IF 2.1 3区 工程技术 Q1 NUCLEAR SCIENCE & TECHNOLOGY Pub Date : 2026-01-08 DOI: 10.1016/j.nucengdes.2025.114746
Surian Pinem , Farisy Yogatama Sulistyo , Peng Hong Liem , Sukmanto Dibyo , Wahid Luthfi
The in-house coupled thermal-hydraulic and neutronic code, MTRDYN, has been developed with a three-dimensional capability to solve few-group neutron diffusion equations and thermal-hydraulic parameters for plate type fueled research reactor. The multi-group neutron diffusion equations are addressed through neutron flux factorization within an adiabatic kinetic equation. Heat conduction in the fuel element was computed using the finite difference method, with the heat transfer restricted to the radial direction approximation. This study aims to evaluate the accuracy of the MTRDYN in calculating the behavior of RSG-GAS reactor during steady-state operation. The calculated core parameters include excess reactivity, power peaking factor (PPF), fuel cladding temperature, and coolant temperatures. The coolant and cladding temperature obtained from MTRDYN were validated against measured data from instrumented fuel elements (IFE) located at various positions within the core. The calculated excess reactivity for the first and sixth cores differed from experimental results by −160 pcm and 20.0 pcm, respectively. The total control rod reactivity showed a maximum error of 3.9 % compared to experimental results. No significant differences in kinetic parameters were found compared to the RSG-GAS safety analysis report (SAR). The calculated fuel cladding temperatures showed a maximum deviation of 5.78 %. Based on these calculations, the MTRDYN code demonstrates sufficient accuracy in determining the steady-state neutronic and thermal-hydraulic parameters of the RSG-GAS reactor.

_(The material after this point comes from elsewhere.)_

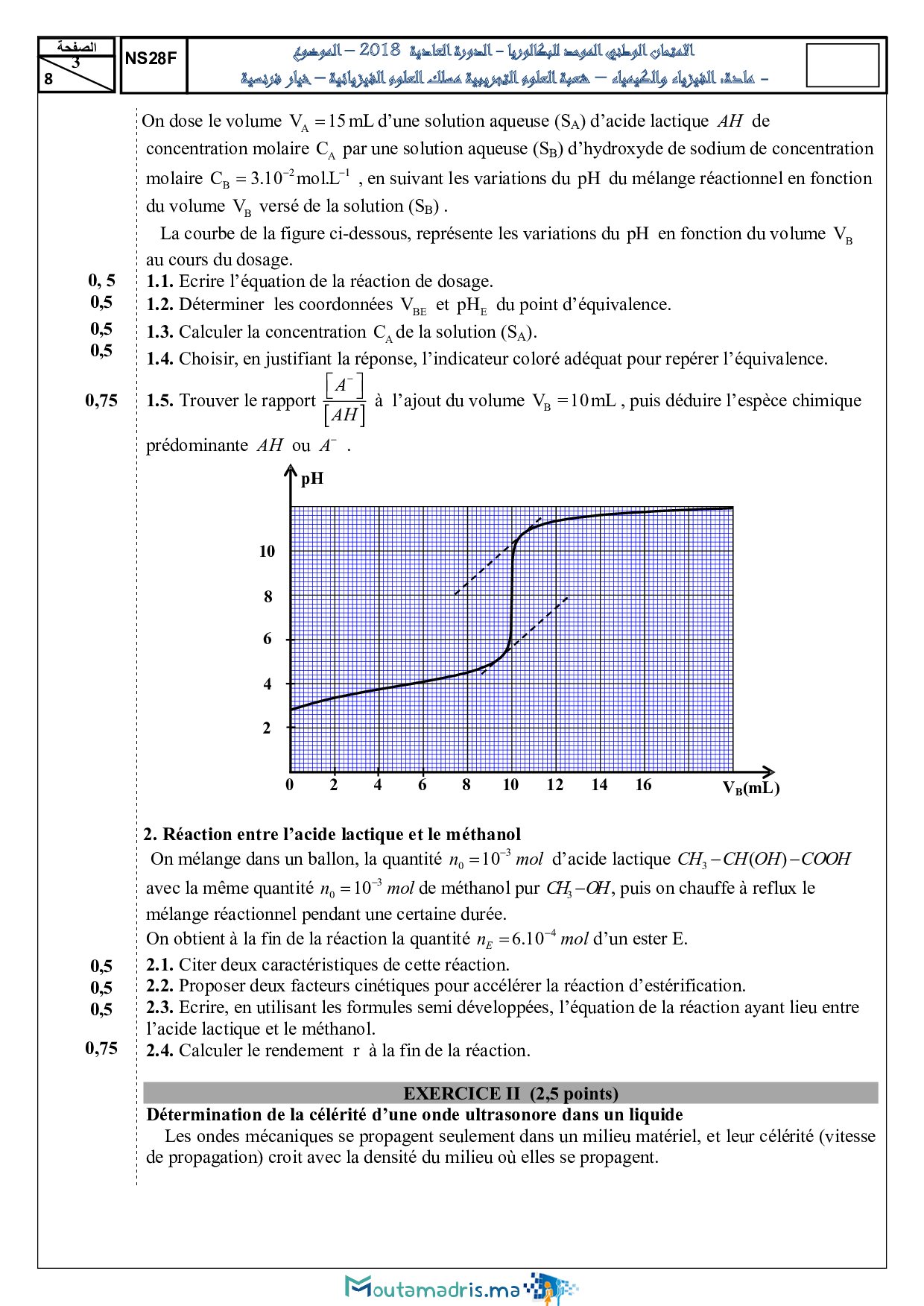 Examen National Physique-Chimie SPC 2018 Normale - Sujet
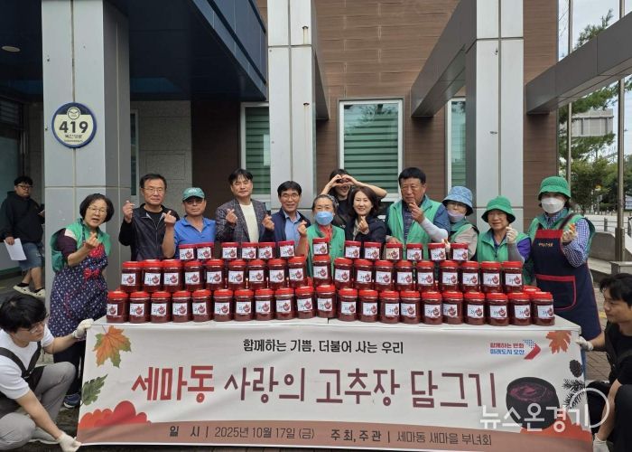 뉴스온경기 | 오산시 세마동 새마을부녀회는 지난 17일 독거노인, 저소득 가정, 차상위 계층 등 관내 취약계층을 위한 ‘사랑의 고추장 담그기’ 행사를 개최했다고 밝혔다.

开发了内部热工-中子耦合程序MTRDYN,该程序具有求解板式燃料研究堆的少群中子扩散方程和热工参数的三维能力。在绝热动力学方程中,通过中子通量分解来求解多群中子扩散方程。采用有限差分法计算了燃料元件的热传导,并将传热限制在径向近似。本研究旨在评估MTRDYN在计算RSG-GAS反应器稳态运行行为时的准确性。计算的堆芯参数包括过量反应性、功率峰值因子(PPF)、燃料包层温度和冷却剂温度。从MTRDYN获得的冷却剂和包层温度与位于堆芯内不同位置的仪表燃料元件(IFE)的测量数据进行了验证。计算得到的第一堆和第六堆的超反应性与实验结果分别相差- 160 pcm和20.0 pcm。总控制棒反应性与实验结果的最大误差为3.9%。与RSG-GAS安全分析报告(SAR)相比,动力学参数无显著差异。计算得到的燃料包壳温度最大偏差为5.78%。基于这些计算,MTRDYN程序在确定RSG-GAS反应堆的稳态中子和热工参数方面具有足够的准确性。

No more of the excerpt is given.